Solve the following quadratic equation using the perfect square trinomial pattern: x² - 16x +64.
The perfect square trinomial pattern is (a - b)² = a² - 2ab + b².
In this case, a = x and b = 8.
We can rewrite the equation as:
x² - 16x + 64 = (x - 8)²
Therefore, the solution to the quadratic equation x² - 16x + 64 = 0 is x = 8.
To solve the quadratic equation x² - 16x + 64 using the perfect square trinomial pattern, follow these steps:
Step 1: Determine if the equation fits the perfect square trinomial pattern.
The perfect square trinomial pattern can be written as (a - b)² = a² - 2ab + b².
In this case, the quadratic equation x² - 16x + 64 has the form a² - 2ab + b², so it fits the perfect square trinomial pattern.
Step 2: Identify the values of the variables.
In the equation x² - 16x + 64, we have:
a = x
b = 8
Step 3: Write the perfect square trinomial.
Based on the values of a and b, we can write the perfect square trinomial as (x - 8)².
Step 4: Solve for x.
To solve for x, take the square root of both sides of the equation, remembering the ± sign:
√[(x - 8)²] = ±√64
Simplifying,
x - 8 = ±8
Now, solve for x in both cases:
Case 1: x - 8 = 8
x = 8 + 8
x = 16
Case 2: x - 8 = -8
x = -8 + 8
x = 0
Therefore, the solutions to the quadratic equation x² - 16x + 64 are x = 16 and x = 0.
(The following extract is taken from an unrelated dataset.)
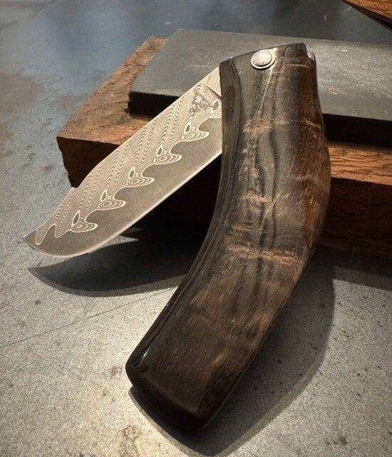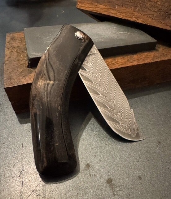Magnifique couteau en corne de bouc monté avec une lame damas.

To solve the quadratic equation x² - 16x + 64 using the perfect square trinomial pattern, follow these steps:
Step 1: Identify the quadratic equation in the form ax² + bx + c.
In this case, a = 1, b = -16, and c = 64.
Step 2: Check if the quadratic equation can be factored using the perfect square trinomial pattern. For this pattern to apply, the equation should have the form (x - a)² = 0.
Step 3: Rewrite the equation in the form (x - a)² = 0.
To rewrite the equation x² - 16x + 64, find the value of "a" that satisfies the equation (x - a)² = x² - 16x + 64.
In this case, "a" would be half of the coefficient of the linear term, which is (-16/2 = -8). So, we have:
(x - (-8))² = 0
(x + 8)² = 0
Step 4: Solve for x by taking the square root of both sides of the equation.
Taking the square root of (x + 8)² = 0, we have:
√((x + 8)²) = ±√0
(x + 8) = ±0
Simplifying further, we have:
x + 8 = 0 (if using the positive square root)
x + 8 = 0 (if using the negative square root)
Step 5: Solve for x.
For x + 8 = 0, subtracting 8 from both sides yields:
x = -8
Therefore, the solution to the quadratic equation x² - 16x + 64 = 0 is x = -8.